● Goal of the exercise
I need every line from the start of the material below up to and including the line containing "Each garment carries", restated exactly, with the pictures omitted.

● Excerpted records
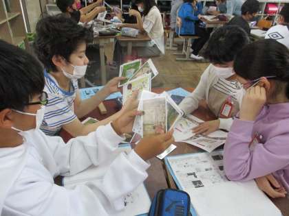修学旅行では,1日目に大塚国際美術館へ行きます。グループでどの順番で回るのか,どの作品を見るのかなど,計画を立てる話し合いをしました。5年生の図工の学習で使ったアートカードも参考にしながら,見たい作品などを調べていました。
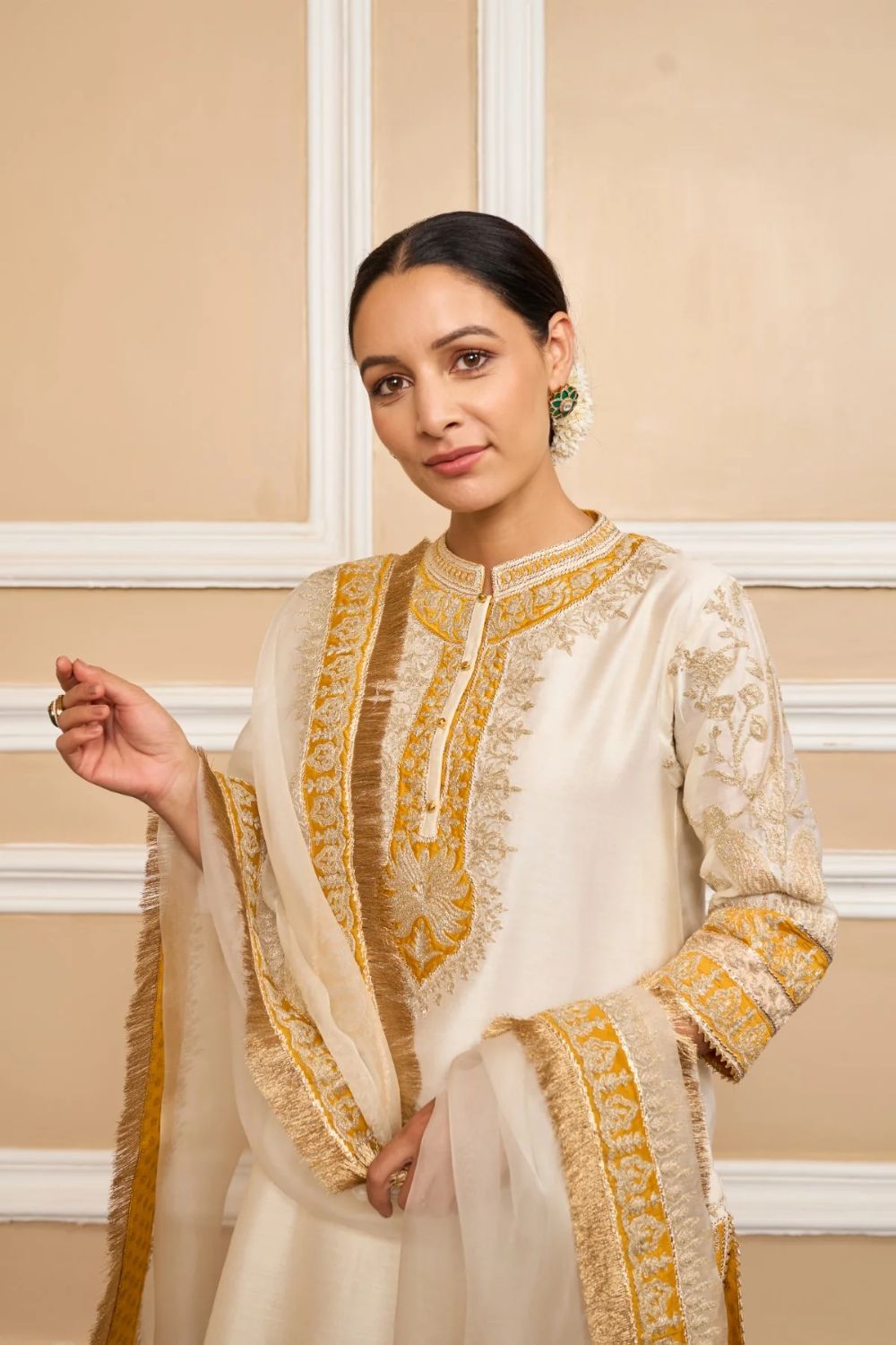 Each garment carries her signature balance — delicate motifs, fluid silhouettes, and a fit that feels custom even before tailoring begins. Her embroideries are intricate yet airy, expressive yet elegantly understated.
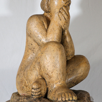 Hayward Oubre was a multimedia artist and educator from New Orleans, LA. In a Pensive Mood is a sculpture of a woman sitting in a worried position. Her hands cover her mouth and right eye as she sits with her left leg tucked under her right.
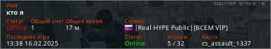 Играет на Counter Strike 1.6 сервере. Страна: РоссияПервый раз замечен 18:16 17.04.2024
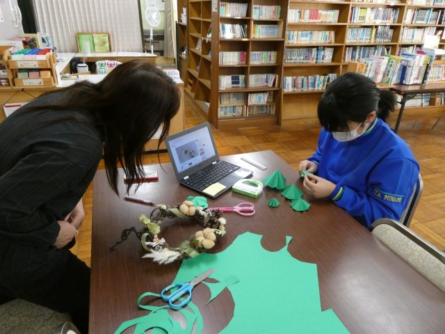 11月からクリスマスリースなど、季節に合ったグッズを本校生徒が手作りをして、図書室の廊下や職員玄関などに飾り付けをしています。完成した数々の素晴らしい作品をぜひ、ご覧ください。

● Solved exercise
修学旅行では,1日目に大塚国際美術館へ行きます。グループでどの順番で回るのか,どの作品を見るのかなど,計画を立てる話し合いをしました。5年生の図工の学習で使ったアートカードも参考にしながら,見たい作品などを調べていました。
 Each garment carries her signature balance — delicate motifs, fluid silhouettes, and a fit that feels custom even before tailoring begins. Her embroideries are intricate yet airy, expressive yet elegantly understated.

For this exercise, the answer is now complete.